Hi Mike,
There are actually more facets to this. Sorry if it's a little confusing
:-( Climate's original blueprint
https://wiki.openstack.org/wiki/Blueprint-nova-planned-resource-reservation-api
was about physical host reservation only. The typical use case being: "I
want to reserve x number of hosts that match the capabilities expressed
in the reservation request". The lease is populated with reservations
which at this point are only capacity descriptors. The reservation
becomes active only when the lease starts at a specified time and for a
specified duration. The lease manager plugin in charge of the physical
reservation has a planning of reservations that allows Climate to grant
a lease only if the requested capacity is available at that time. Once
the lease becomes active, the user can request instances to be created
on the reserved hosts using a lease handle as a Nova's scheduler hint.
That's basically it. We do not assume or enforce how and by whom (Nova,
Heat ,...) a resource instantiation is performed. In other words, a host
reservation is like a whole host allocation
https://wiki.openstack.org/wiki/WholeHostAllocation that is reserved
ahead of time by a tenant in anticipation of some workloads that is
bound to happen in the future. Note that while we are primarily
targeting hosts reservations the same service should be offered for
storage. Now, Mirantis brought in a slew of new use cases that are
targeted toward virtual resource reservation as explained earlier by
Dina. While architecturally both reservation schemes (physical vs
virtual) leverage common components, it is important to understand that
they behave differently. For example, Climate exposes an API for the
physical resource reservation that the virtual resource reservation
doesn't. That's because virtual resources are supposed to be already
reserved (through some yet to be created Nova, Heat, Cinder,...

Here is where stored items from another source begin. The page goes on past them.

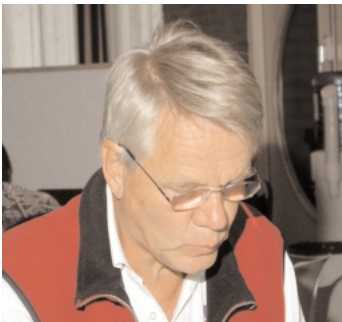
Sakari Stubb, Finland

Thomson did the best he could, ruffing a diamond in dummy and pressing on with hearts, hoping to weaken West's trumps. Kiema ruffed and got out with a spade. Thomson played the ace and continued with hearts. Kiema ruffed the heart continuation and played a club to the king and ace. Koistinen cashed the \diamond A and the \clubsuit Q , the continued with diamonds, allowing the defenders to take the \spadesuit K and \spadesuit Q separately for down five. That was 1100, and 14 IMPs to Finland, now in front, 53-29.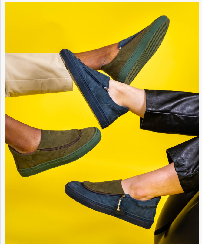
Designed for maximum comfort and durability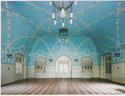
The dining- and ball room of the Bergün casino which opened in 1906, photographed by Ralph Feiner in 2009

The exhibition: until 12 May 2013 at the Grisons Museum of Art in Chur. www.buendner-kunstmuseum.ch The book: "Ansichtssache", 150 Jahre Architektur-fotografie in Graubünden. Edited by Stephan Kunz and Kobi Gantenbein; Verlag Scheidegger & Spieser/Bündner Kunstmuseum, 384 pages; CHF 58, EUR 48.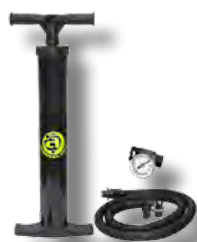
AHSUP-023 HIGH PRESSURE HAND PUMP 35.99 Retail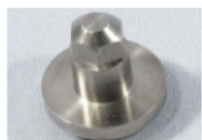
Pos: 086 - Code: KW712916 Description:PLANET HUB NUT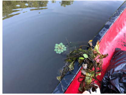
SWW&WW assists with removal of invasive water chestnuts in waterway behind Mill on the River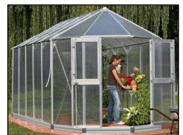
Picture shows ORANGERIE 4/10

extensions) when the lease is created. Things work differently for the
physical resource reservation in that the actual reservation is
performed by the lease manager plugin not before the lease is created
but when the lease becomes active (or some time before depending on the
provisioning lead time) and released when the lease ends.
HTH clarifying things.
BR,
Patrick
On 10/6/13 8:36 AM, Mike Spreitzer wrote:
I looked at the blueprint
(https://blueprints.launchpad.net/heat/+spec/stacks-reservation) and
associated wiki page
(https://wiki.openstack.org/wiki/Heat/Reservation), and I have a few
comments/questions.
The wiki page has some remarks that are Nova-centric, and some other
remarks that emphasize that Climate is not just about Nova, and I do
not understand the relationship between these remarks. Is this a
roadmapping thought (start with just Nova, expand to other services
later), or the inclusion of some details (related to Nova) and
omission of other similar details (related to the other services), or
what?
Will Climate be an independent service, or part of Nova, or what?
What will be the atomic operations? I presume the primary interesting
operation will be something like reserving a bag of resources, where
that bag is allowed to contain any mixture of resources from any
services. Have I got that right?
What exactly does reserving a resource mean? Does this atomic
reservation operation include some atomic cooperation from the
resources' services' schedulers (e.g., Nova scheduler, Cinder
scheduler, etc)? Or is this reservation service logically independent
of the resources' primary schedulers? Overall I am getting the
suggestion that reservation is an independent service. The flow is
something like first reserve a bag of resources, and then proceed to
use them at your leisure. But I also suppose that the important thing
about a reservation is that it includes the result of scheduling
(placement) --- the point of a reservation is that it is holding
capacity to host the reserved resources. You do not want an atomic
operation to take a long time; do the scheduling decisions get made
(tentatively, of course) before the real atomic section, with
re-schedule and re-try on conflict detection, or is scheduling
included in the atomic section?
For how long does a reservation last? What sort of thing owns a
reservation? I suppose one important use case is that a heat engine,
or the heat service (in the multi-engine world), could own a
reservation; in this use case, the reservation would last until heat
releases it. Hopefully heat will persist its reservation information,
so that a process crash will not cause a dangling reservation; how
will you enable complete avoidance of timing splinters (e.g., heat
engine crashes after making reservation but before persisting
information about it)? Presumably other things besides heat could own
reservations.
Is this primarily about planning for the distant future, or focused on
the immediate future? If a bag of resources (including their backing
capacities) is reserved for a period that starts more than a little
while in the future, what is done with that backing capacity in the
meantime?
I see use cases for immediate future reservations; do you have use
cases for more distant reservations?